The offense was smart. “Princeton,” recalled Primps,
“shot its defensive end to the outside to stop Martin. Seb
LaSpina designed a play to leave that end unblocked. So Massey
simply slipped the ball to me inside.”
Coe, Gallagher and Neville were All-Ivy that season, Gallagher and
Neville each an NFL draftee along with Martin the following year.
Maybe the offense lacked such standouts, but it certainly had
contributors like those holdover 1968 guards, Jack Perkowski and
Bart Whiteman; Mickey Adair at center, Brad Lee at guard, Kessler
and Matory at tackle and Dave Brooks and Lew Roney at end.

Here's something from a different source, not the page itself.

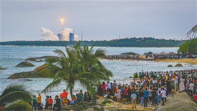 在铜鼓岭脚下的石头公园,在龙楼镇民居楼顶,在淇水湾海滩,每当有火箭发射任务,成千上万的航天爱好者就会聚拢而来,见证中国航天的历史时刻。

Then came Harvard before a big crowd, 63,000, in the Bowl and on a
muddy field. The Crimson had won only three games and the Yale
defense gave the foe just 27 yards rushing, 94 by passing. One
touchdown, on a 3-yard third-period plunge by Primps, was enough
for a 7-0 victory.
Thus it is easy to understand Carm Cozza’s pride in this
team, one he has described as his best coaching effort. Those
seniors, Coe and his friends, were among the few classes in Ivy
annals to achieve three championships in three seasons, and they
had helped Yale go unbeaten in 17 consecutive games. That streak
was unmatched in the Ivy League until the 1990s.
By the way, the 1969 team is holding a 40th anniversary affair
this weekend. Andy Coe and Carm Cozza are presiding.
END
Greg Hall, a three-time letterman at end, was on Carm
Cozza’s Ivy champion teams of 1974 and 1976. Hall is an
executive with Barclays Capital in New York City.